> What you have to do
Return every record verbatim, omitting all pictures.

(Provided data begins)

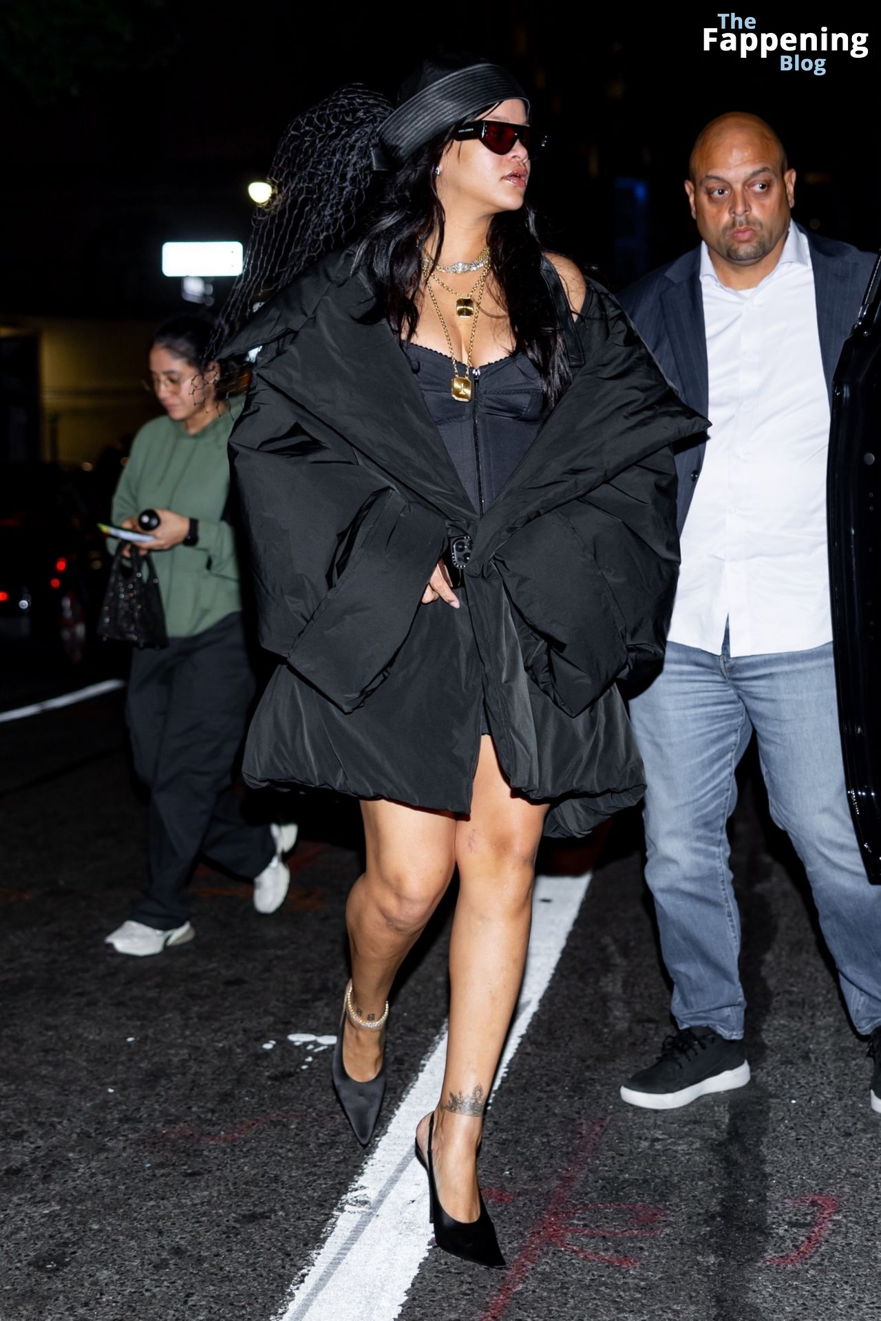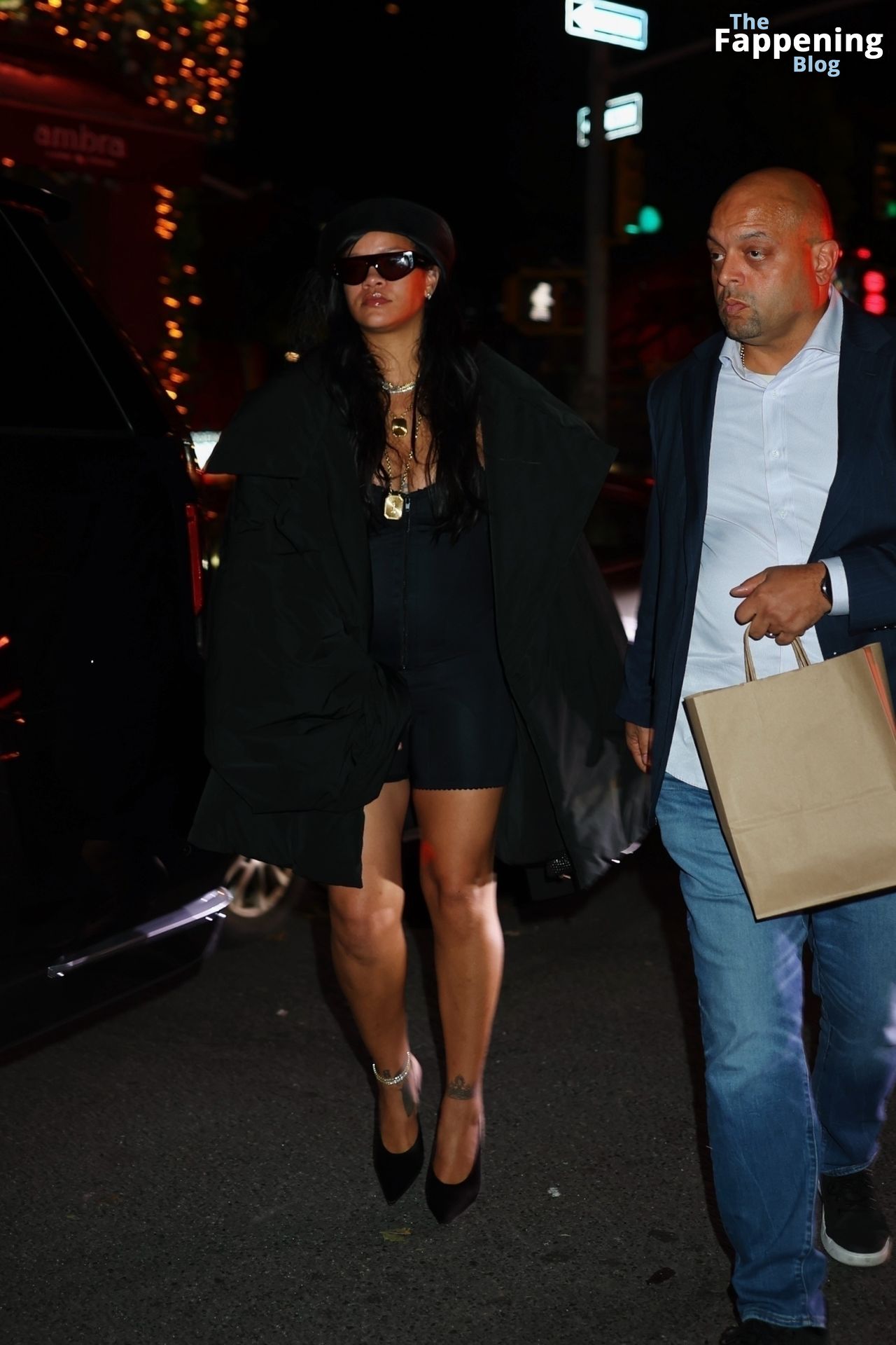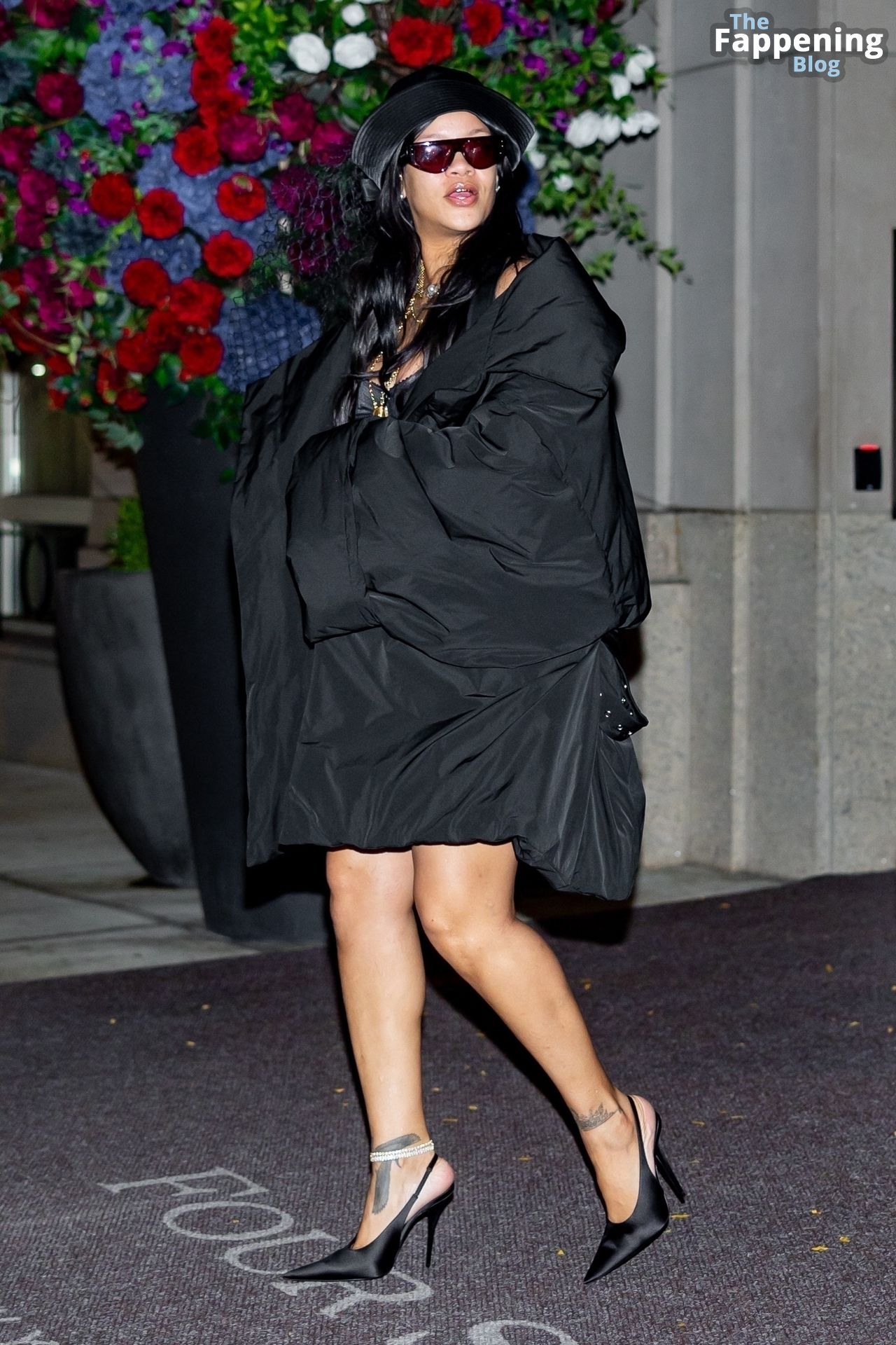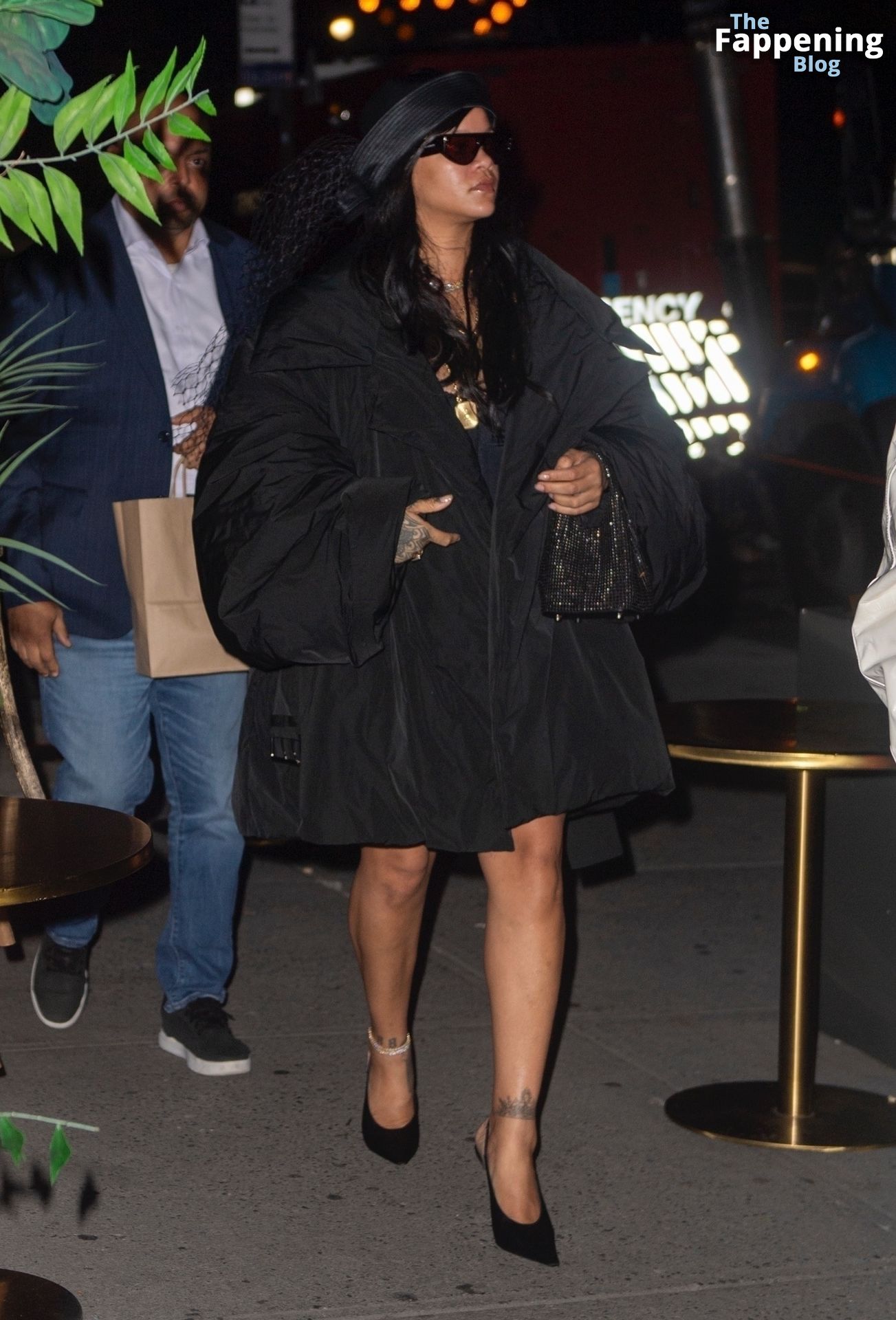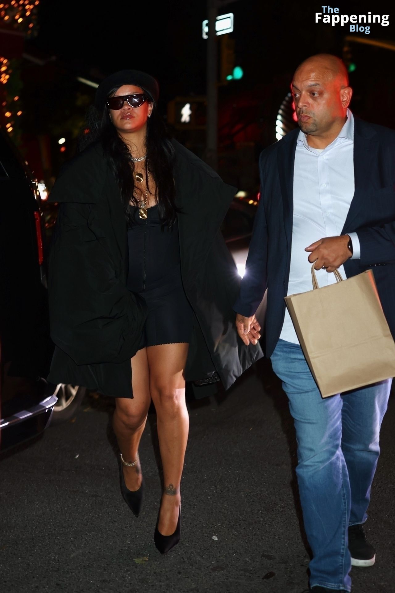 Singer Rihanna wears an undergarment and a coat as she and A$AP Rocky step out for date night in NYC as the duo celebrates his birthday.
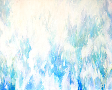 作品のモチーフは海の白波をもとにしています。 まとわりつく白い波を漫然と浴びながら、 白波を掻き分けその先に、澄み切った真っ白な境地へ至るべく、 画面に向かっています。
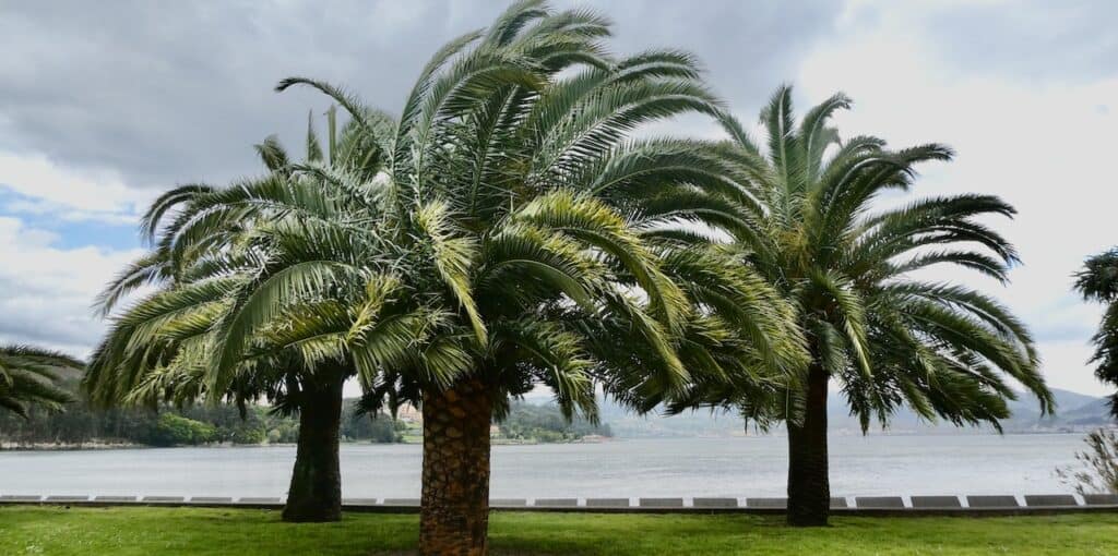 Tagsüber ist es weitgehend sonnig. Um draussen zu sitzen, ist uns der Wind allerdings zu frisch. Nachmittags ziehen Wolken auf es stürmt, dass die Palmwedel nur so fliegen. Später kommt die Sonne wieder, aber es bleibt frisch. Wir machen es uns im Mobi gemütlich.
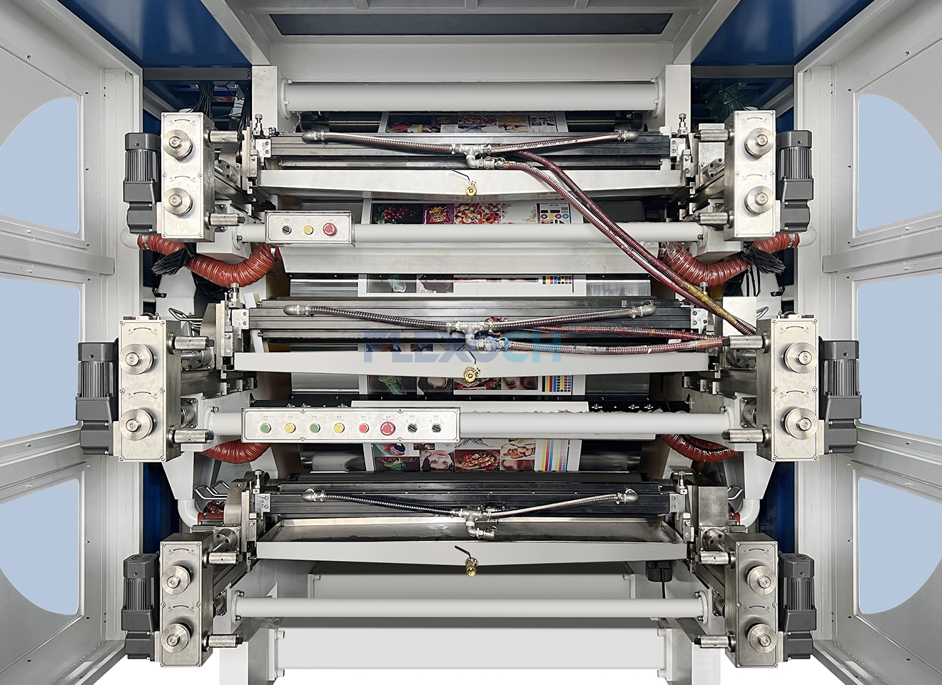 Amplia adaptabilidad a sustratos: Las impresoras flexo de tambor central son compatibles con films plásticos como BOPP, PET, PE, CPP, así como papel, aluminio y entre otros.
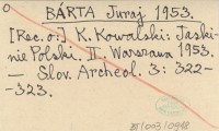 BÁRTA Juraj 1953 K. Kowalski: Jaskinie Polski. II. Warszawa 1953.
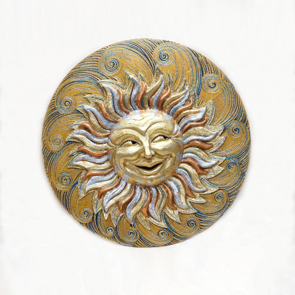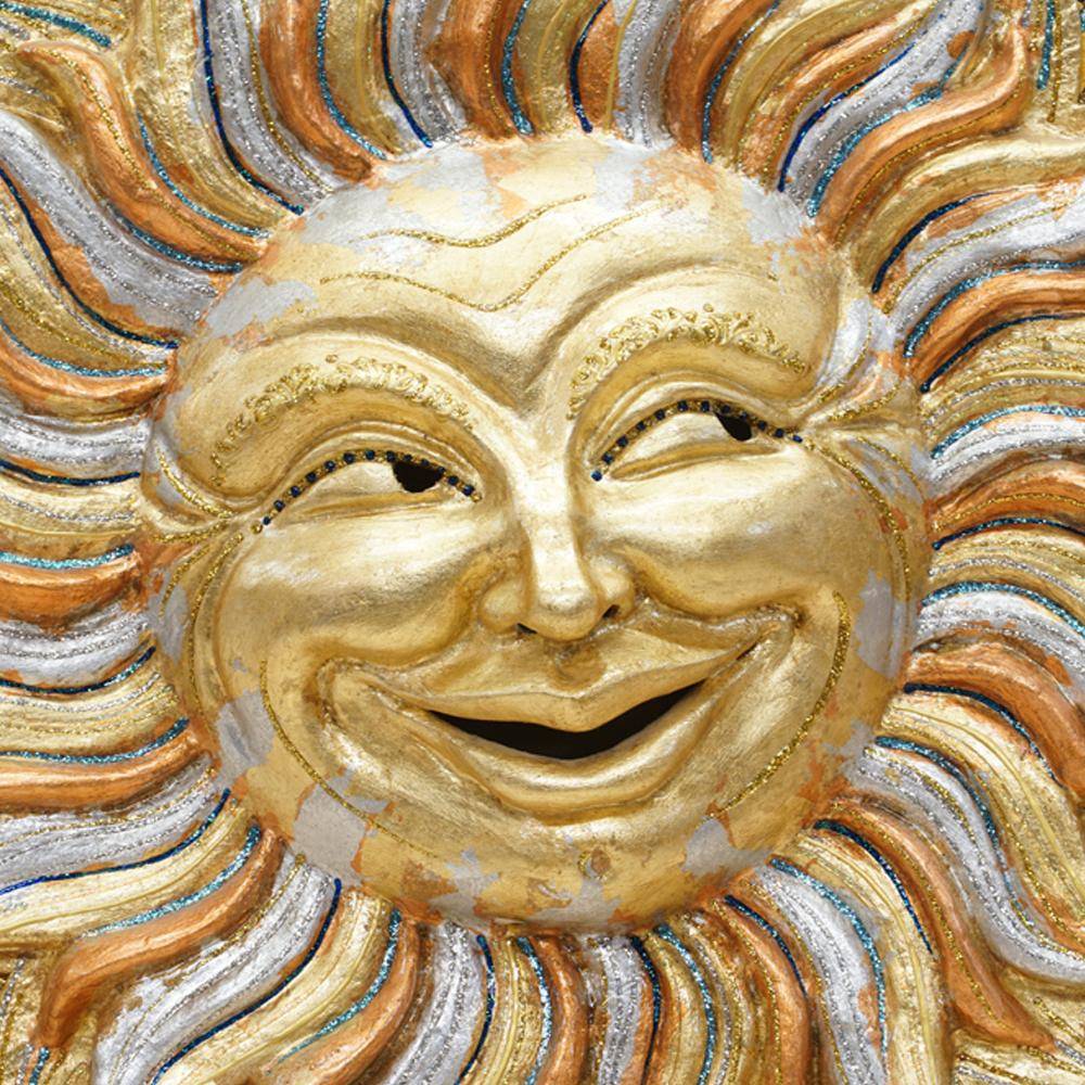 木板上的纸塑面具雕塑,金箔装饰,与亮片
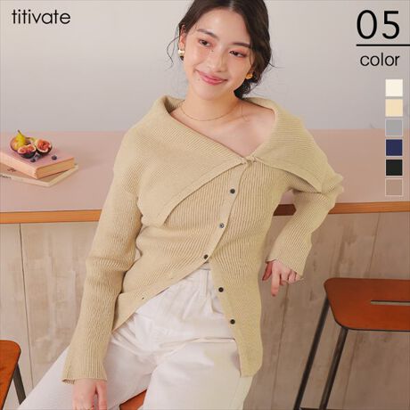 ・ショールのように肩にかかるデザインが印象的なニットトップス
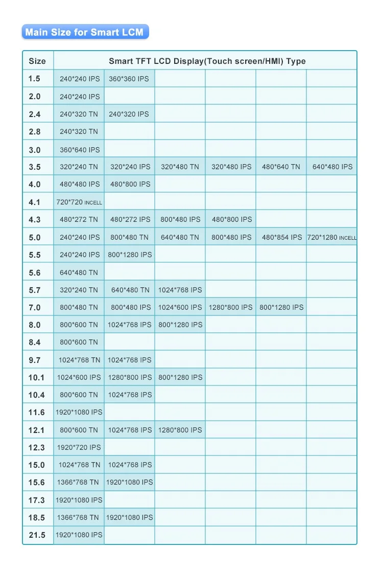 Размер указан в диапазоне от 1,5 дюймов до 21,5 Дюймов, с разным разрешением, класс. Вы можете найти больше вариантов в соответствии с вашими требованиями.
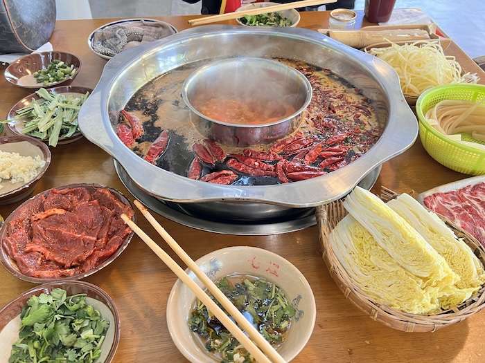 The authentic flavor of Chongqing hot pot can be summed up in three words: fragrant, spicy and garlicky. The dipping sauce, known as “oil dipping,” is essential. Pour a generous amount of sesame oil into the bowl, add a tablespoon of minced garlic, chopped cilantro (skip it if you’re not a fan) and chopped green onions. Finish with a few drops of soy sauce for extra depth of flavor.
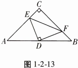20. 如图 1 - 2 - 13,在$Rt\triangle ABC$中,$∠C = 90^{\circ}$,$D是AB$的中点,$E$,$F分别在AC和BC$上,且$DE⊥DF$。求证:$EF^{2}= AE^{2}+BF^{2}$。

(Provided data ends)

> Answer section
 Singer Rihanna wears an undergarment and a coat as she and A$AP Rocky step out for date night in NYC as the duo celebrates his birthday.
 作品のモチーフは海の白波をもとにしています。 まとわりつく白い波を漫然と浴びながら、 白波を掻き分けその先に、澄み切った真っ白な境地へ至るべく、 画面に向かっています。
 Tagsüber ist es weitgehend sonnig. Um draussen zu sitzen, ist uns der Wind allerdings zu frisch. Nachmittags ziehen Wolken auf es stürmt, dass die Palmwedel nur so fliegen. Später kommt die Sonne wieder, aber es bleibt frisch. Wir machen es uns im Mobi gemütlich.
 Amplia adaptabilidad a sustratos: Las impresoras flexo de tambor central son compatibles con films plásticos como BOPP, PET, PE, CPP, así como papel, aluminio y entre otros.
 BÁRTA Juraj 1953 K. Kowalski: Jaskinie Polski. II. Warszawa 1953.
 木板上的纸塑面具雕塑,金箔装饰,与亮片
 ・ショールのように肩にかかるデザインが印象的なニットトップス
 Размер указан в диапазоне от 1,5 дюймов до 21,5 Дюймов, с разным разрешением, класс. Вы можете найти больше вариантов в соответствии с вашими требованиями.
 The authentic flavor of Chongqing hot pot can be summed up in three words: fragrant, spicy and garlicky. The dipping sauce, known as “oil dipping,” is essential. Pour a generous amount of sesame oil into the bowl, add a tablespoon of minced garlic, chopped cilantro (skip it if you’re not a fan) and chopped green onions. Finish with a few drops of soy sauce for extra depth of flavor.
20. 如图 1 - 2 - 13,在$Rt\triangle ABC$中,$∠C = 90^{\circ}$,$D是AB$的中点,$E$,$F分别在AC和BC$上,且$DE⊥DF$。求证:$EF^{2}= AE^{2}+BF^{2}$。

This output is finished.